I have no education, high school and reading. My family was very into popular psychology and self-help stuff, Alice Miller was all the rage in the years before I had my kids, childhood abuse stuff. We had plenty of abuse ourselves, sexual stuff.
The psychology wasn’t enough for me, I felt like things were simpler or maybe just worse than that mindset seemed to think. I saw no clear line between “punishment” and “abuse” is the main thing; I had an insight, that if they look the same, maybe they are the same, despite that the person doing it said they were completely distinct. Don’t they all, right?
I went into marriage and child-rearing with just that simple view and determined I would not punish or discipline and therefore would not be revisiting my abuse on anyone. It looked very good, for a very long time, it really did seem that things were backwards from the way people talk, that whooping your kids causes the bad behaviour and not the other way around. It was exhausting having toddlers and never taking the short cut of hurting or scaring them, but things only got easier after that and we had no behaviour issues at all. Life looked idyllic.
(Things went bad for me when they were grown, but I think that is a personal psychodrama, stuff aside from discipline or the lack of it.)
When my youngest of the two daughters was seventeen, I read a few Pinker books, the Nurture Assumption, and the Sapolsky book, the Zebra one, basically discovered biology, and it blew my mind, as it can do, as it famously did to Trivers, I like to think. I also like to think, ‘like Einstein,’ I had two streams of info that needed to be reconciled, ‘Blank Slate’ psychology and biology, nurture and nature.
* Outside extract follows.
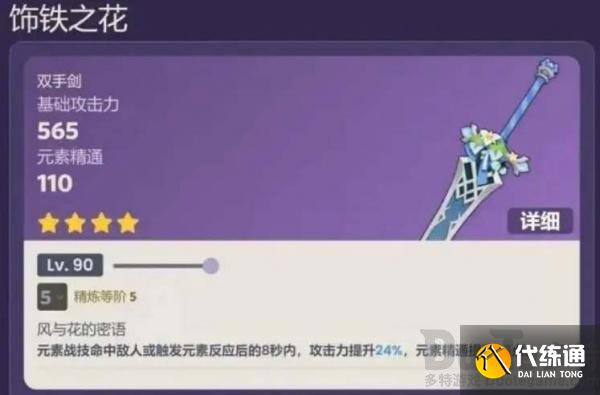 2、饰铁之花属性(90级)565攻击力,110元素精通;

I had spent years defending my ultimately coddling child-rearing and was amazed at how my ideas weren’t getting through to the people around me and the parents online, amazed at how what looked identical to me – discipline and abuse – couldn’t apparently be seen by most people, at all. I argued, don’t do that, because it damages them . . . and at some point, it struck me.
The damage is the point.
What we call crimes and misbehaviours are basically just war behaviours, and all the “negative outcomes” associated with “abuse” would be positives in a war situation. Violence, mostly. You want that in your soldiers. (I don’t want that. Those books were mostly ones that the alt-Right love. I am not with them.)
From a parenting POV, from psychology, all the negative outcomes of abuse are accidents or something, people “losing control,” “going too far,” while the good outcomes are supposed to be from conscious, controlled discipline. Well, the kids can’t always tell the difference, and my biology insight was, their genes and their hormones probably can’t either, and so biologically there is no difference.
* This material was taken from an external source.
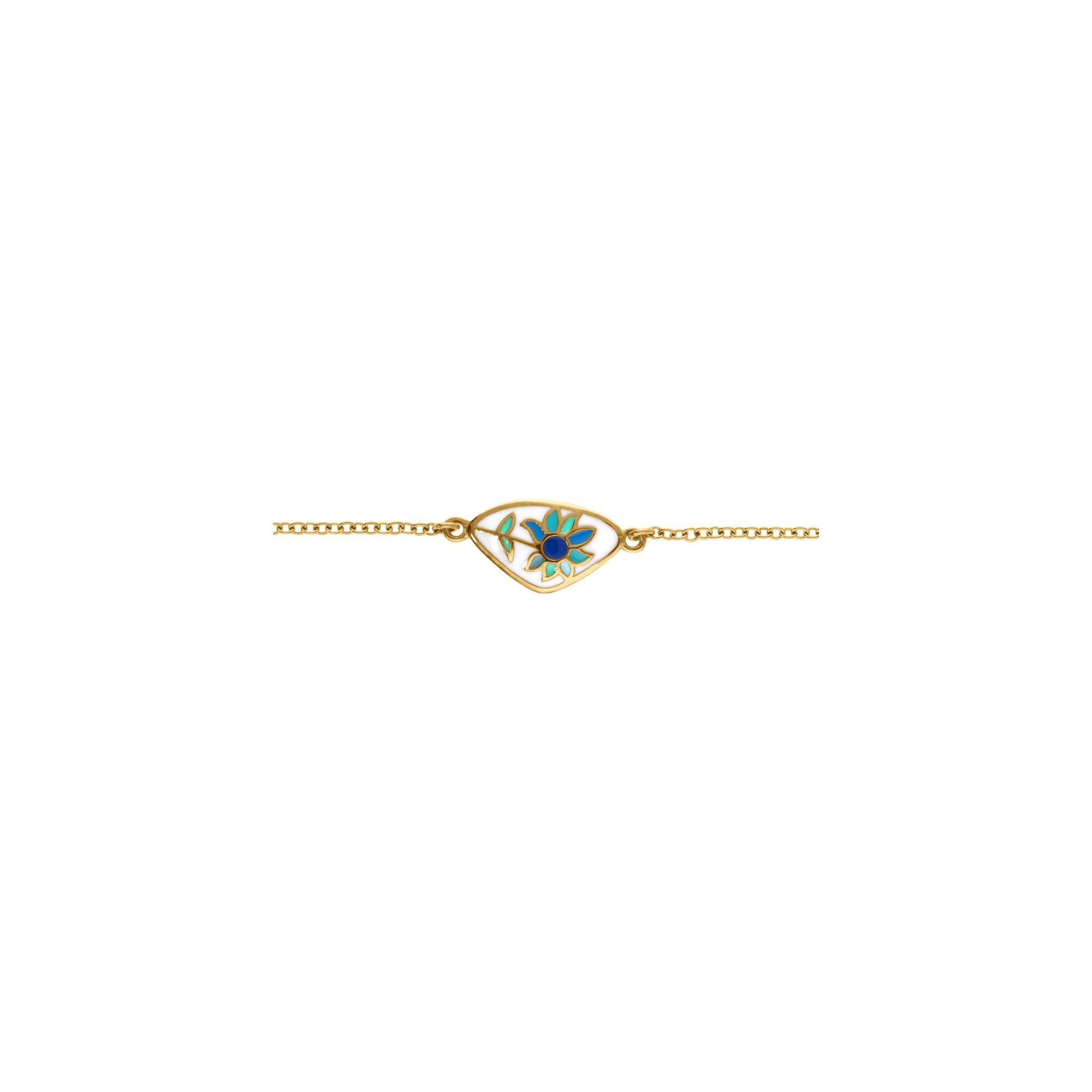 Bracelet acier doré stella mia résine blanche avec fleur bleu 16+3cm Description détaillée

So now I think the abuse, and the effects of abuse are the true function, and all the “discipline” talk is one of Trivers’ self deceptions.
We discipline our children, to damage and desensitize them, to make troopers of them. The “accidental” negative outcomes are our biologically evolved strategy to make ourselves tougher, in the arms race of our group conflict. At the extreme end, we abuse and torment to make amok men and berserkers, and at the invisible end, we beat our future accountants to make sure they vote for a “strong” leader.
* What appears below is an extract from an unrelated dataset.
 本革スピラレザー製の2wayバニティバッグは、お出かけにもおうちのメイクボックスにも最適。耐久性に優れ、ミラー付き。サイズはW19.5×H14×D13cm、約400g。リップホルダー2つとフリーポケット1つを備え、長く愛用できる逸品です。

The biology, of course is our responses to abuse, in real time, as well as some Lamarckian evolution, that we have alleles triggered by abuse – and we pull those triggers ourselves. We also select for them.
So this is my global, grandiose thing.
The damage IS the function, in fact Murphy’s law applies, right? Do something sweet for kids, they won’t grow up how you want, but abuse them, and you will see changes. “Nurture” as a real function, is damage. We can change people – but only in one direction. It’s only positive nurturing that no-one has been able to find.
I’m grandiose, I feel I’ve found nurture when no-one else has, and I feel that if this Murphy’s law of nature is true, then it sort of proves our “innate” selves to be good and kind and our nastiness to be an overlay we apply almost consciously. Or at least enhance almost consciously.
My detail arguments aren’t comprehensive, I know, I only have answers for stuff that was in the Nurture Assumption or such. It’s this overview I feel is something. I have tried to be honest, tried to account for everything I’m aware of in the world, and I think this idea fits into the world generally, I don’t think there are famous scientific principles I’m violating with it . . . on the other hand, such a sweeping thing becomes unprovable for all sorts of other reasons . . .
Where I’m stuck is of course, what to do with this knowledge? It’s rather large to change. Any family that stops it is maybe going to see their kids chewed up and spit out. I am worried about my own kids this way. All I can seem to hope for is to get it out there and hope the world recognizes it and slowly all starts to change.
If it were possible to do anything about it, I would think this idea – I’ve been calling it Antisocialization Theory – would be the first best idea humanity has had, since ideas about evil human nature took hold, at least. I wonder if this isn’t the Fall right here, that we discovered the magic power of abuse.